Vector meson production at low x from gauge/gravity duality

TL;DR

This paper employs gauge/gravity duality to analyze vector meson production at low x in electron-proton scattering, successfully matching experimental data and providing insights into strong coupling effects in QCD.

Contribution

It introduces a holographic model incorporating the pomeron as a graviton Regge trajectory in AdS space to describe vector meson production at low x.

Findings

Model agrees with HERA H1 data on total cross-sections

Achieves low chi-squared fit for differential cross-sections

Confirms the applicability of gauge/gravity duality to low x DIS processes

Abstract

We use gauge/gravity duality to study vector meson (J/{\Psi}, {\rho}_0, {\Omega}, {\Phi}) production in electron-proton scattering, in the limit of high center of mass energy at fixed momentum transfer, corresponding to the limit of low Bjorken x, where the process is dominated by pomeron exchange.
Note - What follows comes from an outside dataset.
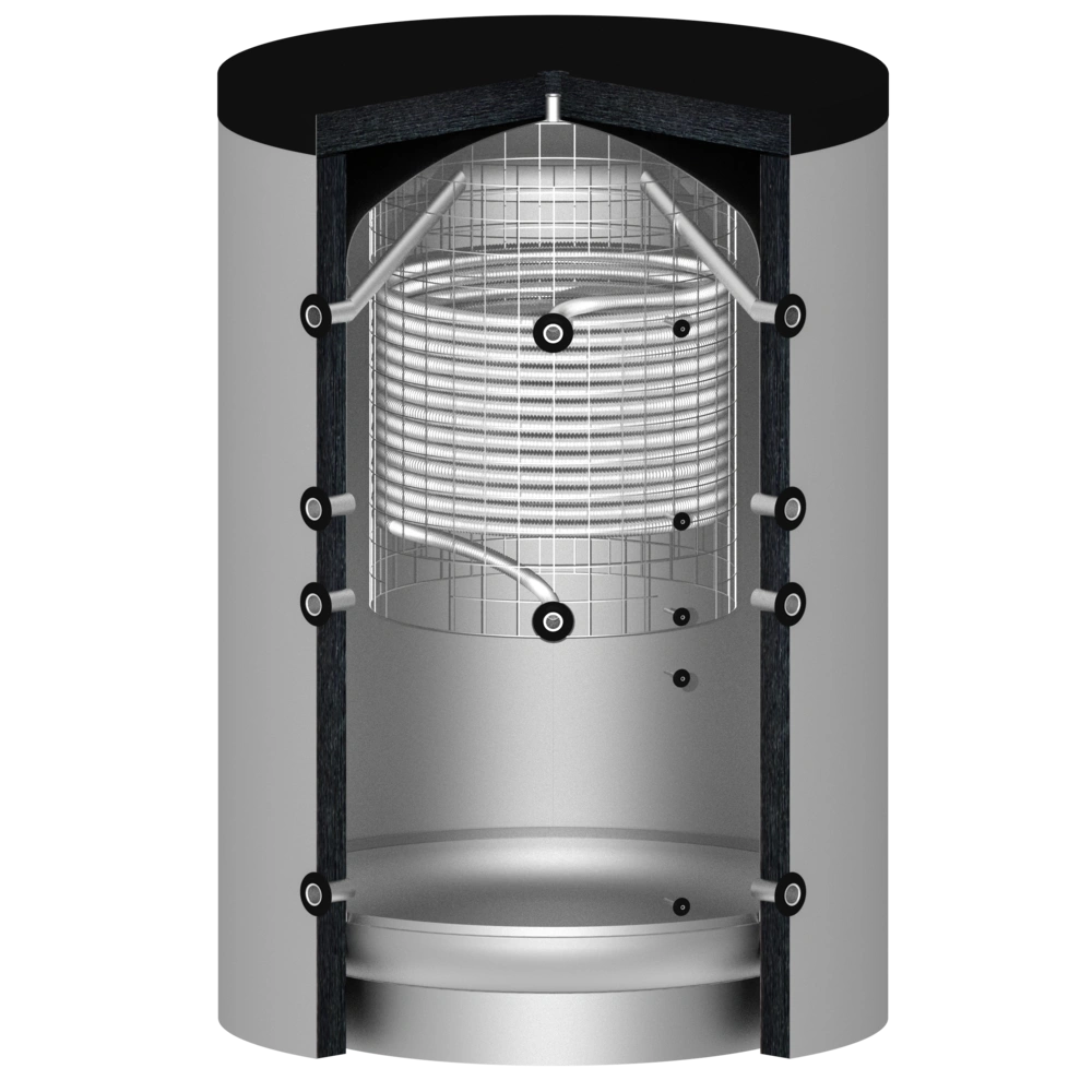 The structure of fresh water storage tanks differs fundamentally from conventional, large-volume domestic hot water storage tanks. A built-in corrugated stainless steel pipe separates the drinking water from the heating water and also serves as a high-performance heat exchanger. This combines the advantages of a buffer storage tank with those of an instantaneous water heater.

Our approach considers the pomeron at strong coupling, described by the graviton Regge trajectory in AdS space with a hard-wall to mimic confinement effects. Both the proton and vector mesons are described by simple holographic wave functions in AdS. This model agrees with HERA H1 data with a {\chi}^2 per degree of freedom below one on total cross-sections, and below two on differential cross-sections, confirming the success of previous studies that model low x DIS and DVCS using gauge/gravity duality.